Объявили посадку, прощание не получилось таким теплым, каким должно было быть. Женя не думала, что объяснение с подругой станет настолько тяжелым. Она ожидала больших сложностей в разговоре с родителями, которые приезжали к ней в Дижон на защиту. Но когда Женя объявила о том, что не только не собирается теперь возвращаться в Москву, а намерена уехать еще дальше, она готовилась услышать все, что угодно, за исключением того, что услышала на самом деле.
— Ты надеялась нас удивить этой новостью? — с улыбкой спросила мама. Папа был скорее грустным, но все же и в его глазах отчетливо читалось одобрение.

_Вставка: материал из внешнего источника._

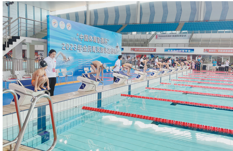
在“中国体育彩票杯”全民菁英游泳达标赛比赛现场,参赛小选手们准备出发。

随着裁判发出指令,小选手们鱼跃入水,滑行、摆臂、打水……大家都努力在泳道内展现出自己的最佳水平。看台上的小选手家长和游泳

— Я… — Женя опешила. — Нет… да.
— Что же может быть странного в том, что ты собралась замуж за человека, с которым встречаешься уже третий год?
— Мы пока не женимся, просто будем жить вместе.
— Это не имеет значения.
— Нет? — Сказать, что Женя была поражена — ничего не сказать. Ее мама, которая скорее гордилась своим ханжеством, чем стеснялась его, спокойно смирилась, а вернее, была даже довольна тем, что ее ненаглядная старшая дочь уезжает так далеко и, по всей видимости, навсегда. — Я буду работать с дельфинами, — зачем-то добавила девушка, будто хотела проверить, вызовет ли какой-то протест хотя бы эта информация.
— Прекрасно!
— Прекрасно? И ты говоришь это без тени ехидства, без всякой колкости, без каких-либо замечаний типа «сменила шило на мыло, сухопутных на водоплавающих, лапы на плавники»?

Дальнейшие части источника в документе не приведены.